In Moskau wird eher zurückhaltend darauf reagiert. Man hat einfach konstatiert, dass im Moment keine Waffen aus den USA geliefert werden. Man spricht vom Konflikt in der Ostukraine immer von einem Bürgerkrieg, der mit provoziert worden sei von den USA, weil diese den Aufstand auf dem Maidan-Platz letztes Jahr unterstützt hatten. Das heisst, die Angst vor Waffenlieferungen aus den USA ist im Moment nicht so gross. Was in Moskau viel grössere Sorgen macht, sind allenfalls neue Sanktionen. Insbesondere wenn man Russland den Zugang zum Zahlungssystem Swift verwehren würde, dann hätte das verheerende Folgen. Der Kreml hat für diesen Fall ganz klar mit grossen und schweren Retourkutschen gedroht.

Die Friedensgespräche in Minsk sind gescheitert. Wie geht es jetzt auf diplomatischer Ebene weiter?

Die Diplomatie ist die Verliererin in diesem Konflikt.
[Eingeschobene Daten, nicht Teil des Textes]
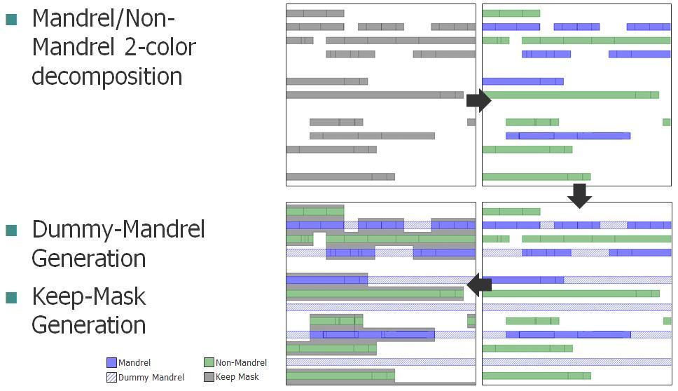 這個(gè)工藝是版圖設(shè)計(jì)人員看不到,因?yàn)樗麄儾划嬤@兩個(gè)光罩或者對(duì)這個(gè)流程進(jìn)行任何類型的特殊分解檢查。嚴(yán)格的分層設(shè)計(jì)規(guī)則確保在晶圓廠生成這兩個(gè)光罩成為可能。因?yàn)檫@種雙重曝光版圖設(shè)計(jì)師根本看不見,因此你很少聽到有人談及。

Beide Seiten versuchen jetzt militärisch, auf dem Feld, neue Fakten zu schaffen. Der Stein des Anstosses ist im Moment die Waffenstillstandslinie. Kiew verlangt von den Rebellen, dass sie sich auf die Linie, auf die man im September geeinigt hatte, zurückziehen. Aber die Separatisten sagen, sie wollen die Gebietsgewinne, die sie in dieser Zeit gemacht haben, behalten. Dabei handelt es sich um rund 500 Quadratkilometer. Das ist viel. Im Moment haben sich offenbar beide Seiten entschieden, um jedes Dorf, um jeden Boden weiter zu kämpfen. Irgendwann wird die schwächere Partei einfach nachgeben müssen und es werden neue Linien gezogen. So wie es aussieht, sind die Ukrainer derzeit am kürzeren Hebel.